CPA increases membrane localization of E-cadherin, β-catenin, and Na+K+ ATPase. (A) Representative immunoblots of cellular fractions from confluent HEC-1-A cells treated with DMSO (0.001%) or 10 μM CPA in hypoxia (1% O2, 5% CO2) for 36 hours. Graph shows densitometric data from 2 independent experiments. DMSO no. 1 and DMSO no. 2 and CPA no. 1 and CPA no. 2 represent independent replicates in a single experiment. Data are expressed as the mean ± SEM. *P < 0.05; unpaired 2-tailed t test. AKT confirmed the purity of membrane fractions. (B–D) E-cadherin, β-catenin, and Na+K+ ATPase immunofluorescence showed increased membrane expression in HEC-1-A cells treated with 10 μM CPA in hypoxia (1% O2, 5% CO2) for 36 hours. Scale bars: 20 μm.
Loss of CD73-generated adenosine promotes migration and invasion. We have shown that high-grade and advanced-stage endometrial carcinomas are associated with loss of CD73 and that CD73 is essential for protecting epithelial integrity (inducing the re-formation of cell-cell adhesions). We hypothesized that inhibition of CD73 in well-differentiated endometrial carcinoma cells would promote cellular migration and invasion in vitro. We found that CD73 siRNA increased HEC-1-B cell migration and invasion by approximately 60% (Table 1) and HEC-1-A migration by approximately 80% (Table 1). HEC-1-A cells did not invade under 1% O2, 5% CO2 hypoxic conditions. Similarly, treatment of cells with the CD73 inhibitor AoPCP increased HEC-1-B cell migration and invasion by approximately 70% (Table 1), indicating that endometrial carcinoma cell migration and invasion is dependent on the loss of CD73-generated adenosine. We observed that AoPCP increased HEC-1-A cell migration by approximately 130% (Table 1). CD73 siRNA efficiency was approximately 90% (Supplemental Figure 16A), and AoPCP efficiencies for HEC-1-A and HEC-1-B cells are shown in Supplemental Figure 16B. We found that NECA reversed the effects of CD73 siRNA and AoPCP treatment (Table 1). Representative images are shown in Supplemental Figure 17.
In the present study, we explored the effects of loss of CD73 in endometrial carcinoma. We showed that CD73-generated adenosine protects epithelial integrity in normal endometrium, that this physiological reflex is intact in early-stage endometrial carcinomas, and that loss of CD73 is associated with tumor progression. Additionally, we showed that CD73-generated adenosine protects epithelial integrity via adenosine receptor–mediated actin polymerization, which specifically involves A1R (Figure 12).

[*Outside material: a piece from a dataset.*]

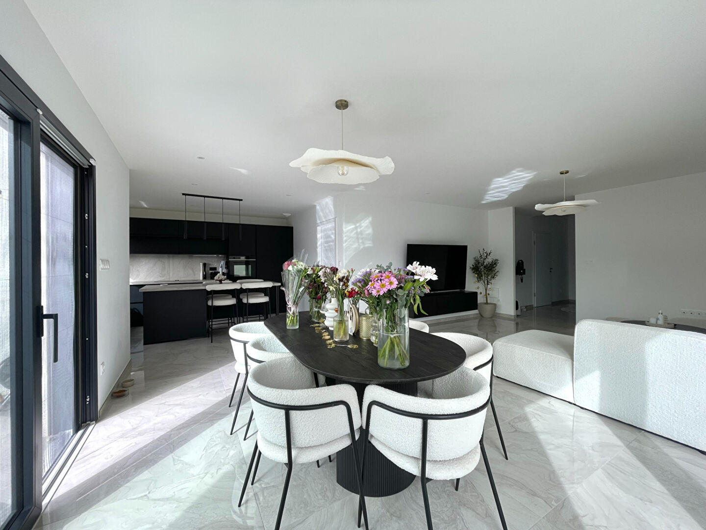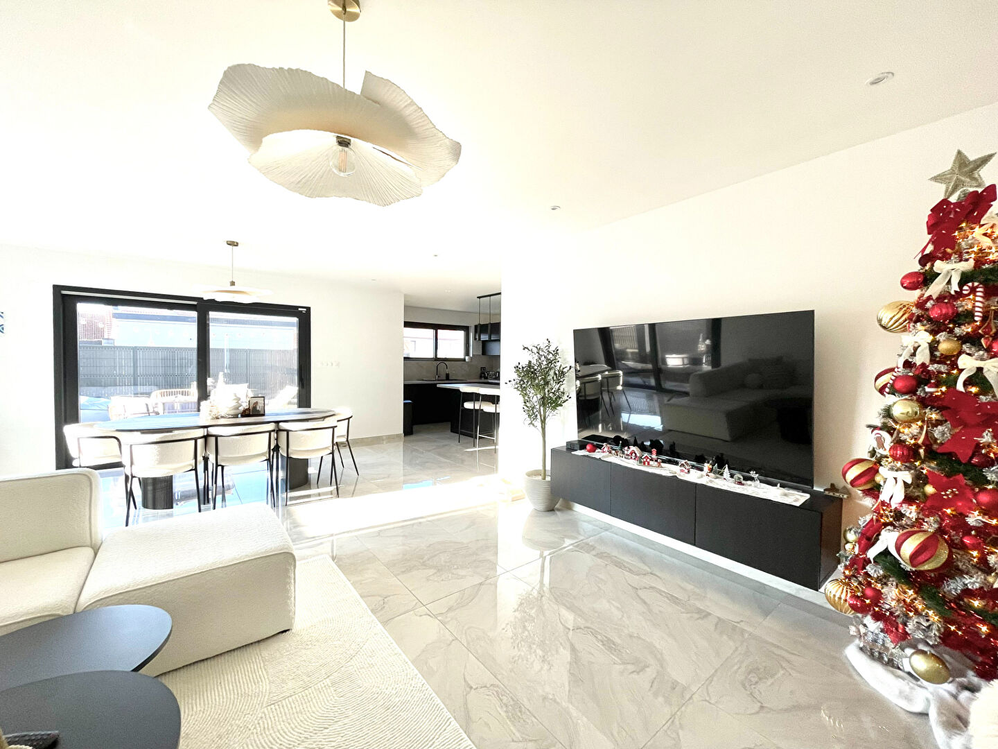 Maison contemporaine composée d'un bel espace salon-séjour avec cuisine ouverte équipée, 3 chambres, dont une suite parentale au RDC, une salle de bains, une buan...

CD73-generated adenosine in endometrial carcinoma. Early-stage, well-differentiated endometrial carcinomas express high levels of CD73. Hypoxia weakens cell-cell adhesions and increases adenine nucleotides at the cell surface, supporting the generation of extracellular adenosine (Ado) by CD73. Extracellular adenosine activates A1R, inducing actin polymerization, increasing circumferential cortical actin, and extending cell-cell filopodia. A1R induces actin polymerization involving CDC42 and its conformational change of the ARP2/3 actin polymerization complex member N-WASP. Intercellular adhesion proteins E-cadherin and β-catenin increase at the membrane. Collectively, CD73-generated adenosine induces a physiological reflex to protect epithelial integrity. Downregulation of CD73 negates this reflex, promoting tumor cell migration and invasion.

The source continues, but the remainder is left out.